It is a simple yes or no question. I'm trying to keep this really basic
for the sake of our readers whose mathematical experience is not as
deep as yours. Please answer the question, to the best of your
knowledge, with either the single word "yes" or the single word "no":
- Can "Jitse's second map" be properly coloured with four colours? Dmharvey Talk 12:22, 6 August 2005 (UTC)
Good morning! I appreciate your friendly tone! In my opinion,
Dharwadker's proof is correct, so the four color theorem is true and so
any map on the plane can be properly colored with at most 4 colors. So
the answer to your question is Yes. Rstewart 12:38, 6 August 2005 (UTC)
- Good. Thank you.
- Now I have another, very simple, yes/no question for you.
- In Dharwadker's proof, is it permissible, or is it not permissible, to take m(N) to be "Jitse's second map", with the colouring that I have illustrated above? Dmharvey Talk 12:48, 6 August 2005 (UTC)
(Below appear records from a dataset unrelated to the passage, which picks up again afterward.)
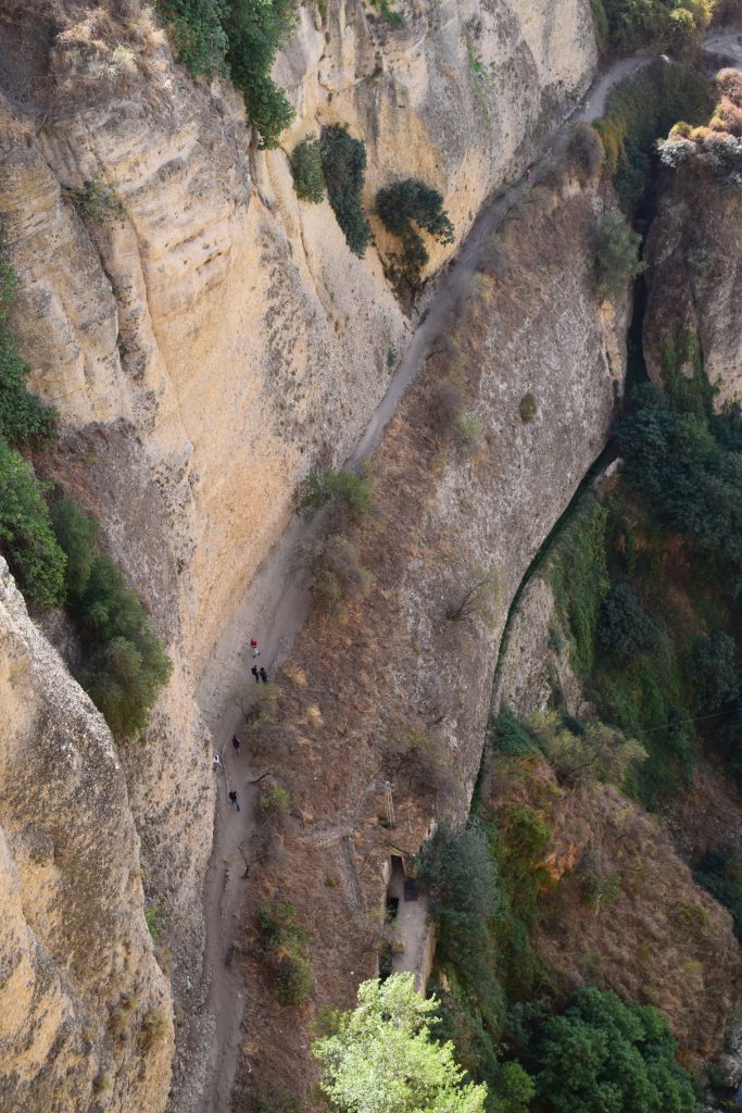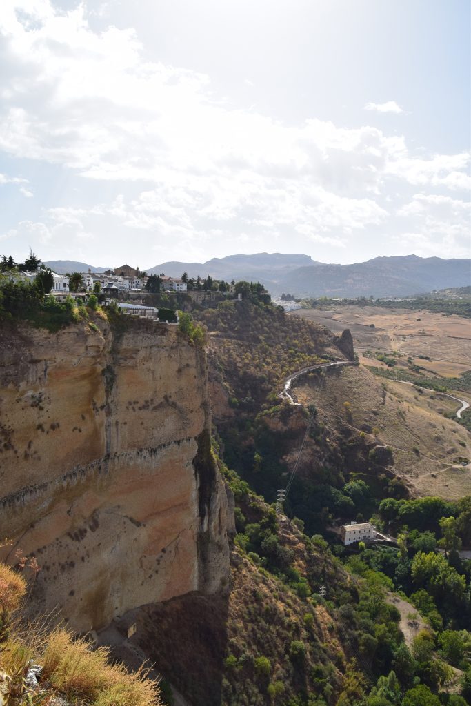 Grejen med Ronda är, förutom att den är en av de få välbevarade traditionella Andadlusiska städer, att den är belägen 740 m över havet. Och alldeles vid en ravin på 120 m, eller rättare sagt på båda sidorna om ravinen ,El Tajo. Över denna MYCKET djupa ravin går tre broar; den äldsta byggdes av romarna för ca 2000 år sedan och den nyaste blev klar 1793.
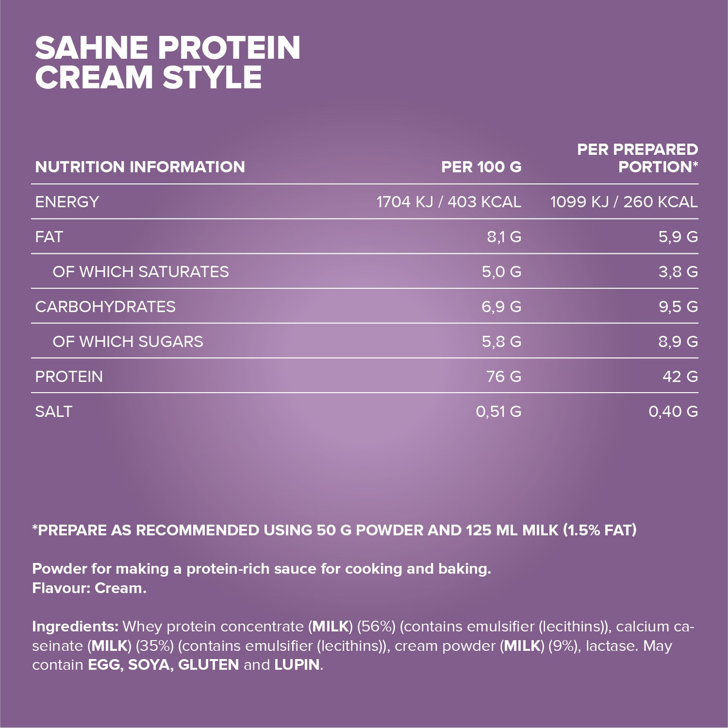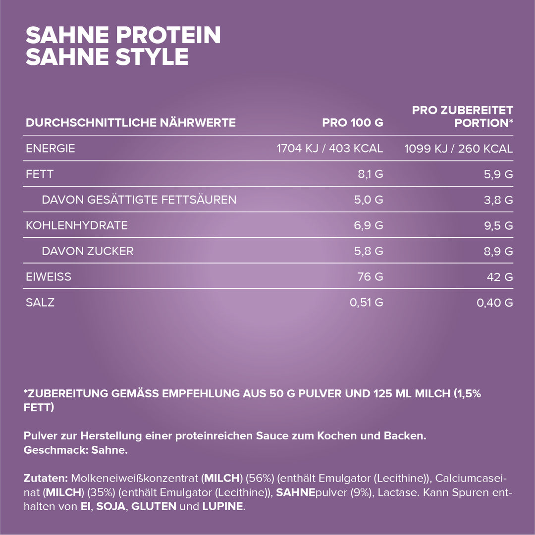 * ENTHÄLT VON NATUR AUS ZÜCKER, ** 100 g verzehrfertiges Sahne Protein* enthält 40% weniger Fett als eine herkömmliche Kochsahne mit 7% Feet.
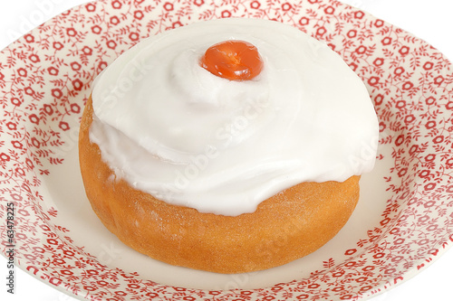iced, bun, glazed, cherry, dessert, cake, sweet, treat, icing, food, isolated, white, background, cut-out, clipping path, closeup, nobody
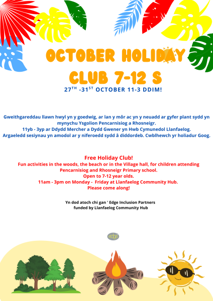 Free Holiday Club for 7-12s living in the Rhosneigr / Ty Croes / Llanfaelog / Pencarnisiog area!

You have come around full circle in your logic! If you can prove
that Jitse's second map with the coloring you have illustrated does
satisfy the definition of Dharwadker's M(N), then yes. Else, not
necessarily. The definition of Dharwadker's M(N) is decidedly
nontrivial. It uses the full force of Zermelo-Fraenkel set theory with the Axiom of Choice (ZFC). Rstewart 13:08, 6 August 2005 (UTC)
- I would like to know your opinion, not mine.
- Please answer the question.
- In Dharwadker's proof, is it permissible, or is it not permissible, to take m(N) to be "Jitse's second map", with the colouring that I have illustrated above? Dmharvey Talk 13:20, 6 August 2005 (UTC)
Does Jitse's second map satisfy Dharwadker's definition of M(N)? If
so, then YES it is permissible. If not, then NO it is not permissible.
It is not a matter of opinion. Perhaps the question is undecidable in
ZFC in which case nobody could possibly have an opinion. Maybe it is
decidable in ZFC in which case everyone could have a justifiable
opinion. Not all questions in mathematics have Yes/No answers. To
answer the question you would have to compare Jitse's second map and
its coloring with all maps and all their colorings. The universal
quantifier involved in the question certainly shows that the question
is nontrivial. At any rate, Dharwadker proves that there exists a map
that satisfies the definition of M(N) and that's the only map he needs
for his proof. Rstewart 14:07, 6 August 2005 (UTC)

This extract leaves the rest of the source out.